Consiglio Internazionale dell’OFS - Edizione settimanale
Volume: 10 - N. 11 - 2004 - marzo - II
Da: Bollettino CIOFS, 2003, N. 3
Ana Maria Olmedo Ramos
Ana Maria Olmedo Ramos, da cui ci arriva questo messaggio, è una francescana secolare del Guatemala, che ha ricoperto incarichi di responsabilità formativa tanto all’interno della sua Fraternità nazionale quanto nella più vasta area dei Paesi centro-americani. Su proposta della Presidenza CIOFS, è stata nominata dalla CFF membro del Comitato Direttivo di Franciscans International. In questa veste, nel luglio 2003, ha presentato a Ginevra un’articolata relazione di alto valore spirituale, morale e propositivo.

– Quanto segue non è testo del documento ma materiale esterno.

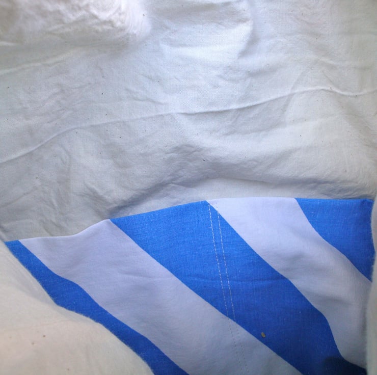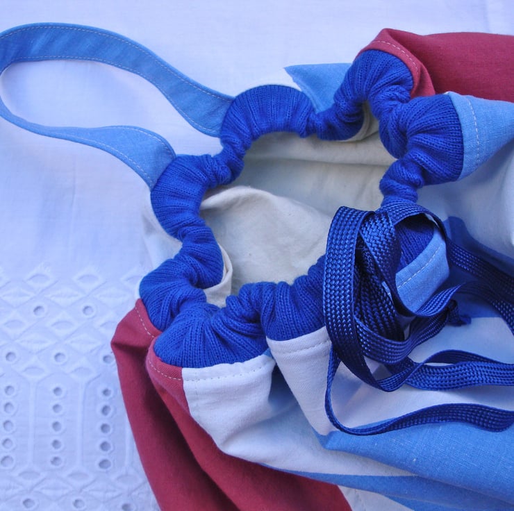 Drawstring channel at top , is made in a blue machine knitted rib ( commercial )

Con molto rammarico, per ragioni di spazio, ne riportiamo solo alcuni stralci, limitandoci a quelle esposizioni, interpretazioni e proposte che possono valere anche al di fuori della specifica realtà guatemalteca.

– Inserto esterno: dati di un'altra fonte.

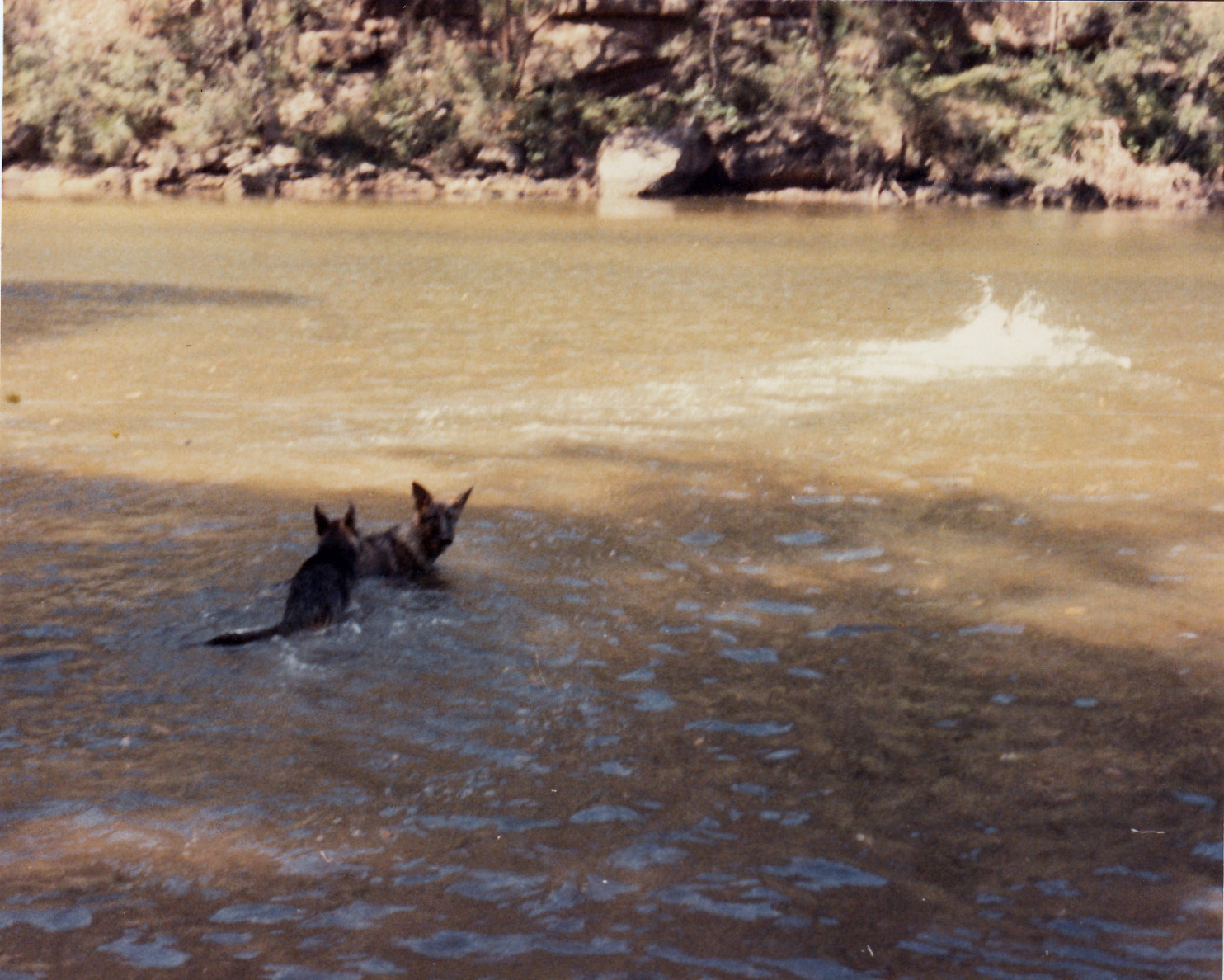 The other person we did see was Paul’s brother and we often took the dogs to Windy Banks, a good nine kilometre walk. Downhill was easy and the dogs enjoyed a swim at the bottom. Coming up tested the lungs but the dogs loved it.

Come introduzione, Ana Maria presenta un’interessante -- e drammatica -- descrizione della situazione del suo Paese dopo decenni di guerriglia che lo hanno insanguinato, producendo una autentica “cultura della violenza”. Passa poi ad analizzarne le cause e gli effetti di natura economica, politica, sociale e anche religiosa (proliferazione di sette fondamentaliste “che soltanto addormentano e comprano le coscienze, tramite un indottrinamento alienante e aiuti assistenzialisti”). Cause ed effetti che si intrecciano e si incrementano reciprocamente, nella corresponsabilità di tutti coloro i quali -- all’interno e dall’esterno del Paese -- impediscono l’auto-realizzazione del popolo guatemalteco e il superamento delle strutture ingiuste che lo hanno portato al punto in cui si trova.
Passiamo la parola alla stessa Ana Maria.

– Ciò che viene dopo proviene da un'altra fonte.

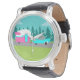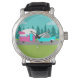 Este Retro Camper / Trailer and Car Watch apresenta um desenho animado moderno e minimalista de meio século que o deixará pronto para levar para a estrada aberta. Uma homenagem aos anos 50, este design apresenta um carro de turquesa vintage com o topo branco, puxando um trailer de viagem kitschy para seu destino final. O RV retrô perfeitamente restaurado tem uma metade rosa-quente inferior, metade superior branca, e um raio turquesa que separa os dois. A porta do lado da campista também é turquesa. O sotaque final é a asa rosa quente que se projeta a partir do fundo desta casa sobre rodas. Os campistas felizes estão dirigindo por uma estrada de cinza. A estrada está rodeada de relva verde e exuberante. Ao fundo, podemos ver as teais silhuetas de uma verdadeira floresta de árvores de cedro, contra um céu aqua com nuvens azuis fofas e leves. Esta design é perfeita para todos os hippies reformados, hipsteres que fogem, ou qualquer um que queira reviver algumas memórias de infância excelente. A melhor parte é que ninguém está perguntando, "Nós já estamos lá?"
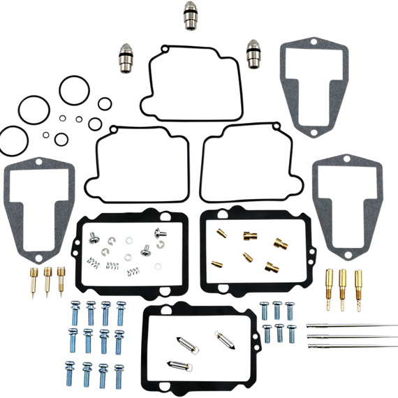 • Kit includes all necessary O-rings, gaskets, jets, needle, mixture screw, float bowl screws, float valve needle and seat (needle jet and other pressed-in jets are not included in kit)

Per trasformare queste strutture ingiuste è necessario:
-- sanare le ferite, nella ricerca costante dei percorsi di unità fraterna attraverso il dialogo e la giustizia, modificando il nostro atteggiamento verso il Regno di Dio, fiduciosi nel germe divino presente in ciascuna persona e mediante la forza trasformatrice del perdono;
-- sviluppare, partendo da una Evangelizzazione autentica e a tutti i livelli, l’educazione alla Pace; promuovere una cultura della solidarietà e della dignità, basata sulla giustizia, la difesa dei diritti umani e la salvaguardi della creazione.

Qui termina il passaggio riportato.